§ **PROVIDED ENTRIES**
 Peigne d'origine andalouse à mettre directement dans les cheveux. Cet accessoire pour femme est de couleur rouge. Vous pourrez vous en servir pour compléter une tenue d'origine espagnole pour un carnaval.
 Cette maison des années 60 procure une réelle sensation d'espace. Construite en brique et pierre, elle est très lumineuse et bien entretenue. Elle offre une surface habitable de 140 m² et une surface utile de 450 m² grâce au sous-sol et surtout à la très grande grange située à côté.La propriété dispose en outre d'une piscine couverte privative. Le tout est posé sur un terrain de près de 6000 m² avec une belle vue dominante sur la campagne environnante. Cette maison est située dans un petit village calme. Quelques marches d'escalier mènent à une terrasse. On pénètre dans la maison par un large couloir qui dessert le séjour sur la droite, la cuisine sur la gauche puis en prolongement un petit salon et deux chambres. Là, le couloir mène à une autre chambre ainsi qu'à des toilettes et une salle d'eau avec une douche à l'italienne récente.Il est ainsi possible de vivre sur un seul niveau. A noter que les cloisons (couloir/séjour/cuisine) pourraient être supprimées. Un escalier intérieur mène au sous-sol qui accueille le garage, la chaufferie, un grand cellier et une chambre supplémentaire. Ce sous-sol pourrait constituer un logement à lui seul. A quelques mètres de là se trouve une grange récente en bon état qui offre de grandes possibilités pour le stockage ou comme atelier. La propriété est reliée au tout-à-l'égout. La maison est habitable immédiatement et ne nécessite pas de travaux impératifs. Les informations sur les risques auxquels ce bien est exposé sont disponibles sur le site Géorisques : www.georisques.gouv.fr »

---

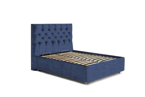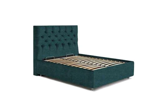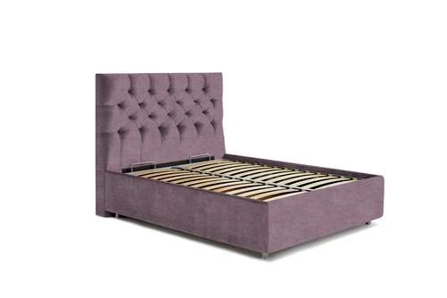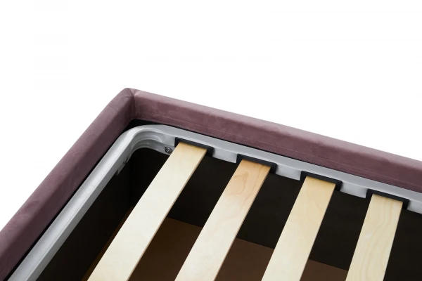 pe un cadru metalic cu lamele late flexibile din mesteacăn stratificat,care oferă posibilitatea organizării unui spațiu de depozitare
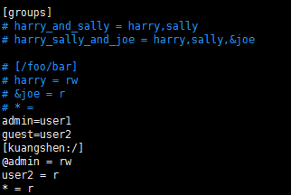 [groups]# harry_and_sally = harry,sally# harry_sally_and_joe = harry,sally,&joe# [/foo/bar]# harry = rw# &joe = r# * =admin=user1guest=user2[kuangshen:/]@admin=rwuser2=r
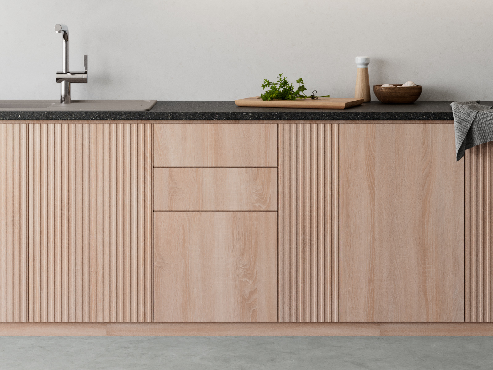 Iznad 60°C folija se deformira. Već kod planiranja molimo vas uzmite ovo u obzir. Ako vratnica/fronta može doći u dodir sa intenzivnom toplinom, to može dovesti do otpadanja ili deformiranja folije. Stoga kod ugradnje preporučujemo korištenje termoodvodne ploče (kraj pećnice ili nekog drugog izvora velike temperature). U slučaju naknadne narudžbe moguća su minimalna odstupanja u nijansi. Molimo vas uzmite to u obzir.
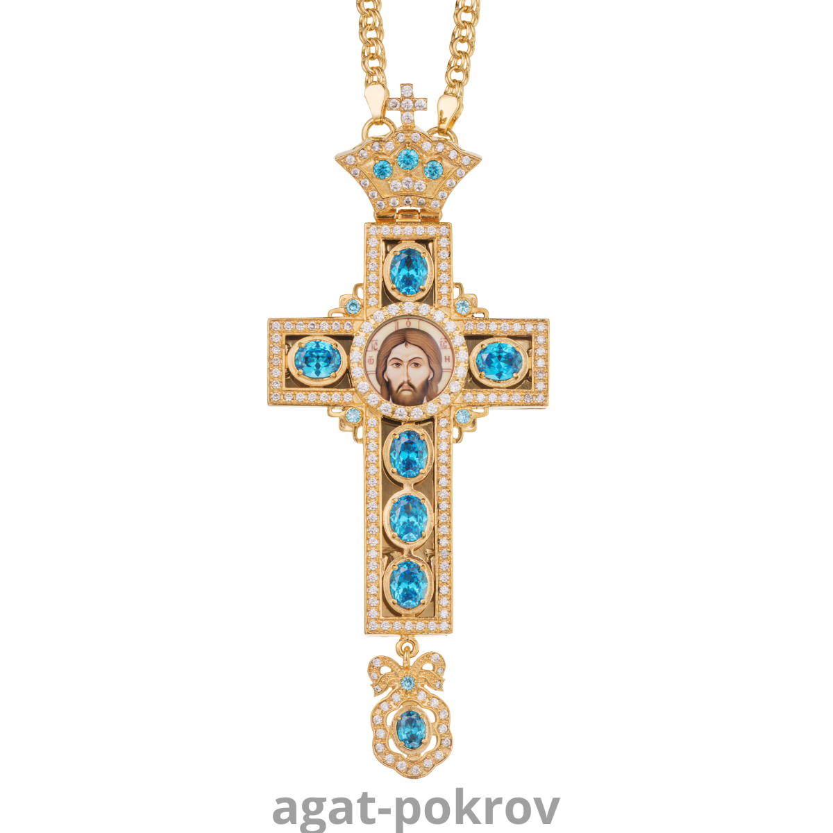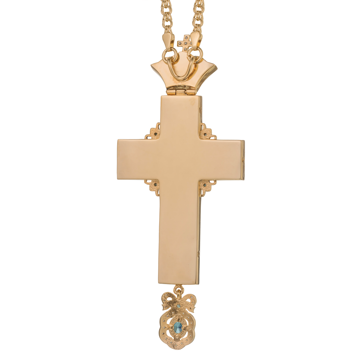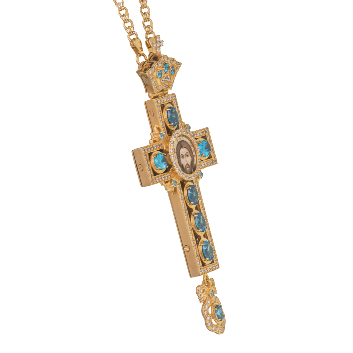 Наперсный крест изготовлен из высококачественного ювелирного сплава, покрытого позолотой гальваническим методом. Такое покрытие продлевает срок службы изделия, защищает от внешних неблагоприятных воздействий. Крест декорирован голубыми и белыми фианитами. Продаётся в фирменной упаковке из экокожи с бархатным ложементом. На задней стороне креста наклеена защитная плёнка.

§ **TO DO**
Line for line, output the entries above from the line with "Iznad 60°C folija" to the line with "Наперсный крест изготовлен", both included, and nothing more. Skip pictures.

§ **RESULT FOR THIS EXERCISE**
 Iznad 60°C folija se deformira. Već kod planiranja molimo vas uzmite ovo u obzir. Ako vratnica/fronta može doći u dodir sa intenzivnom toplinom, to može dovesti do otpadanja ili deformiranja folije. Stoga kod ugradnje preporučujemo korištenje termoodvodne ploče (kraj pećnice ili nekog drugog izvora velike temperature). U slučaju naknadne narudžbe moguća su minimalna odstupanja u nijansi. Molimo vas uzmite to u obzir.
 Наперсный крест изготовлен из высококачественного ювелирного сплава, покрытого позолотой гальваническим методом. Такое покрытие продлевает срок службы изделия, защищает от внешних неблагоприятных воздействий. Крест декорирован голубыми и белыми фианитами. Продаётся в фирменной упаковке из экокожи с бархатным ложементом. На задней стороне креста наклеена защитная плёнка.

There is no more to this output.